S-4335-119
Read twice and referred to the Committee on Armed Services.
Sponsored by Joni Ernst (R-IA)
What it does
This bill would make several changes to how the Department of Defense (DoD) provides child care to military families. It would remove a prior military service requirement for child care workers, allow national service volunteers (such as AmeriCorps participants) to work in military child development centers, create a "preclearance" background check system so applicants can be vetted before a job opening exists, authorize job-sharing arrangements for child care staff, and allow child care workers limited access to military base benefits such as commissary privileges and tuition assistance. The bill would also require DoD to build a department-wide data system tracking child care capacity and waitlists, and to submit reports to Congress on waitlists and the relationship between child care availability and military readiness.
Who benefits
Active-duty military service members and their families, who would have access to a larger pool of child care workers and potentially shorter waitlists. Military spouses, who often bear primary child care responsibilities during deployments. Dual-military couples, who face compounded scheduling challenges. Prospective child care workers who could not previously qualify due to prior service requirements, including caregivers, students, and part-time workers who benefit from job-sharing. National service program participants (e.g., AmeriCorps volunteers) who gain placement opportunities. Military child development center administrators who would have more staffing flexibility. Congress, which would receive better data on child care gaps and readiness impacts.
Who is hurt
Current child care workers who previously met the prior service requirement may face increased competition for positions. Full-time child care workers could see reduced hours or positions converted to job-sharing arrangements. Private off-base child care providers near military installations may lose clients or workers to on-base centers made more attractive by new benefits.

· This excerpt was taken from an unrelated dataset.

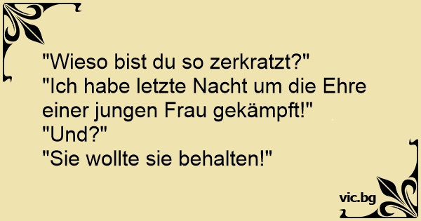 - Защо си толкова надраскан? - Снощи се борих за честта на една млада жена! - И? - Ами тя успя да си я запази ...
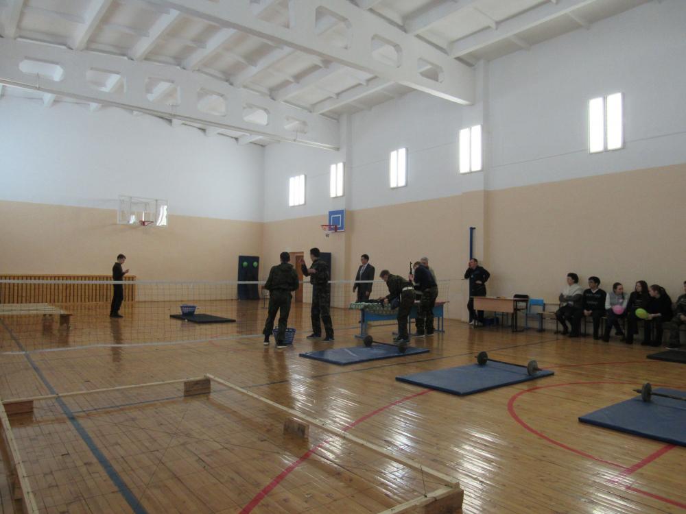 В рамках месячника оборонно-массовой, спортивной работы и военно-патриотического воспитания обучающихся 16 февраля в школе прошел спортивный вечер «А ну-ка, парни!». В нем приняли участие обучающиеся 10-11 классов. Команды 10а, 10б, 11а, 11б классов, состоявшие из четырех парней, состязались в силе, ловкости и умении работать в команде. В первом конкурсе ребятам предлагалось в виде эстафеты произвести разборку-сборку массогабаритной модели автомата Калашникова. Во втором конкурсе команды состязались в поднимании штанги. В третьем конкурсе парни должны были показать умение работать в команде, слаженно и четко преодолевая этапы полосы препятствий. Зрителям между конкурсами не давали скучать группы поддержки соревнующихся классов. Они подготовили по концертному номеру, что тоже давало дополнительные очки командам.

Taxpayers would bear the cost of expanded benefits (commissary access, tuition assistance, referral bonuses) for a new category of workers. Military installation operators may face administrative burdens from implementing the preclearance system, data reporting requirements, and new benefit programs within the mandated timelines.
Supporters argue
Supporters argue that military child care shortages directly undermine readiness — DoD's own data has shown tens of thousands of military families on child care waitlists, and service members who cannot secure child care miss training, deployments, and duty assignments. They contend that removing the prior service requirement and enabling national service volunteers expands the qualified worker pipeline without lowering safety standards, since preclearance background checks (including FBI fingerprinting) are still required. The job-sharing and benefits provisions address a documented retention problem: child care worker turnover at military installations is high partly because compensation and flexibility lag behind comparable civilian positions.
Opponents argue
Opponents argue that expanding access to military base benefits — commissary privileges, fitness centers, and tuition assistance — for a new class of civilian contract workers sets a precedent that could strain benefit systems designed for service members and their families, diluting a key component of military compensation. They contend that the bill's mandated timelines (a data system, multiple reports, and new regulations all within 90–180 days) may be operationally unrealistic and could result in rushed, low-quality implementation. Critics may also argue that relying on national service volunteers for child care at sensitive military installations raises security and continuity-of-care concerns that the bill does not fully address.